Говоря о работе Дюшана, я попутно привела свое определение эротизма. В соответствии с задаваемой границей, эротизм может восприниматься либо как продолжение жизни, либо как нечто, уже вплотную приблизившееся к смерти. Как безусловно принадлежащую жизни воспринимает эротику Бретон, и Робер Бенеюн, входивший в группу сюрреалистов на последнем этапе, приводит в своей монографии «Эротика сюрреализма» соответствующее определение Шваллера де Любича: «эротизм есть магия жизненности, основным выражением которой становится пробуждение сексуальной силы». Готовой слиться со смертью, смертельным разрывом сознания предстает эротика у Жоржа Батая: «Можно сказать, что в момент эротического переживания мы принимаем нашу жизнь — вместе с неизбежной смертью» или «Именно эротизм является в сознании человека тем, что изнутри ставит под сомнение само его существо». Эротизм предстает в этом случае местом, где жизнь и смерть перестают восприниматься как противоположности, но скорее испытываются в их соприкосновении. С другой стороны, если сексуальность означает устремленность к другому на уровне физиологии, то эротизм — это своего рода фигура стиля, стилистическое оформление сексуальности. А где фигуры стиля — там и фигуры слов: здесь и начинаются словесные эксперименты Арагона, Лейриса, Дюшана. К ним можно добавить также игры Ррозы Селяви, практиковавшиеся Десносом и вдохновленные как раз опытом Дюшана («Эрос — это жизнь»): «Акт секса — аксиома сект» или «Закон желания — жетон за знания».

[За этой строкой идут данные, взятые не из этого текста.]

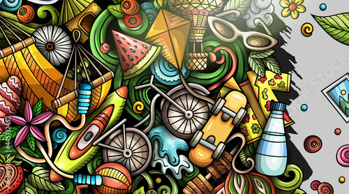 Summer hand drawn doodle banner. Cartoon vector detailed flyer.
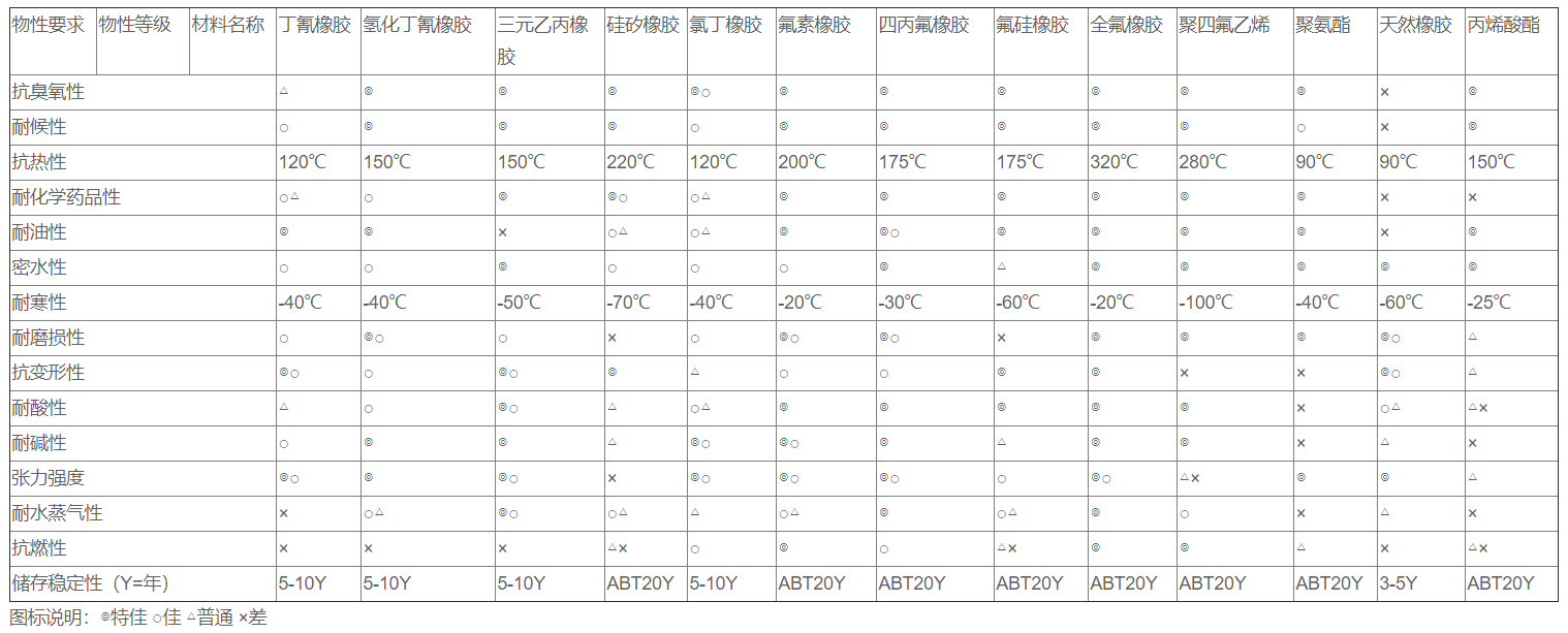 • 氫化丁晴(HNBR):耐溫-40~150℃、耐油(yóu),耐磨,耐堿、壓縮永久變形佳、抗臭氧(yǎng)。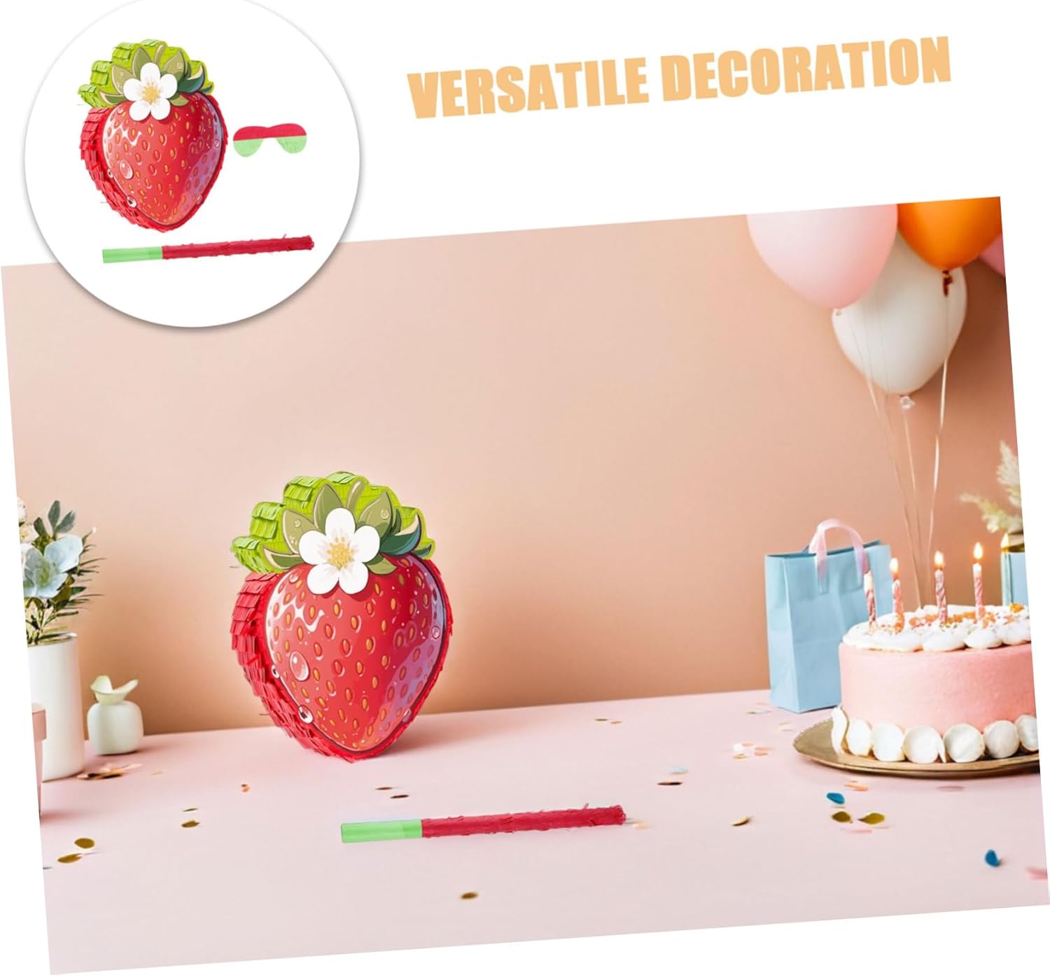 Elemento di gioco interattivo: viene fornito con una benda e un bastone per divertenti giochi di piñata con gli occhi bendati per feste di compleanno, giochi di fragole e attività di decorazione di compleanno a tema alimentare, feste di fragole, articoli per feste con fragole. Costruzione robusta e attraente: questa piñata di fragole è realizzata in cartone e decorata con carta crespa. Fornisce resistenza e un aspetto colorato e festoso per decorazioni di compleanno con fragole, giochi di cibo per feste con gli occhi bendati e divertenti piñata per feste con fragole. Versatile: serve come decorazione per feste di compleanno alla fragola o come festa alla fragola e migliora l'atmosfera delle decorazioni per feste a tema fragola, feste di compleanno alla fragola e decorazioni per feste a tema fragola. Decorazione versatile per feste: come decorazione di buon compleanno alla fragola o supporto fotografico alla fragola, migliora l'aspetto delle decorazioni per feste a tema fragola, giochi per feste a tema cibo, piñata per feste a tema cibo Facile da appendere e riempire: presenta un robusto anello per appenderlo e un comodo foro di riempimento per riempire con coriandoli, decorazioni per feste o bomboniere, piñata alle fragole, giochi alimentari Cinco de Mayo, divertenti decorazioni per feste con cibo

В то же время у Андре Бретона или Бенжамена Пере, а быть может, и у Робера Десноса (чей лирический подъем собирает воедино разметавшиеся нити текстов, а любовь — нити самой его жизни) мы скорее обнаружим воспевание абсолютной достаточности, которую поэт обретает во встрече с беззаветно любимой женщиной. Здесь женщина предстает уже «краеугольным камнем вещественного мира» («Сообщающиеся сосуды»), единственным залогом земного спасения («Аркан 17»). В конце концов, «именно в любви людей заключена неистощимая сила обновления мира» (там же). В противовес мельничному жернову, которым падет великий Вавилон в ветхозаветном пророчестве, здесь камень возносит вверх — это любовь мужчины и женщины. В этой точке взаимного притяжения

любовь живет только взаимностью, пусть это и не означает непременно, что она сама становится обоюдной [...] Но лишь взаимная любовь, наподобие волшебного магнита, способна создать такое абсолютное притяжение существ, над которым ничто уже не будет властно, — она одна способна сделать нашу плоть подобной солнцу, будто клеймя ее сияющей печатью, и превратить наш дух в неиссякающий, невозмутимый и вечно живой источник, бодрящее течение которого отныне навсегда соединяет калужницу и чабрец (там же).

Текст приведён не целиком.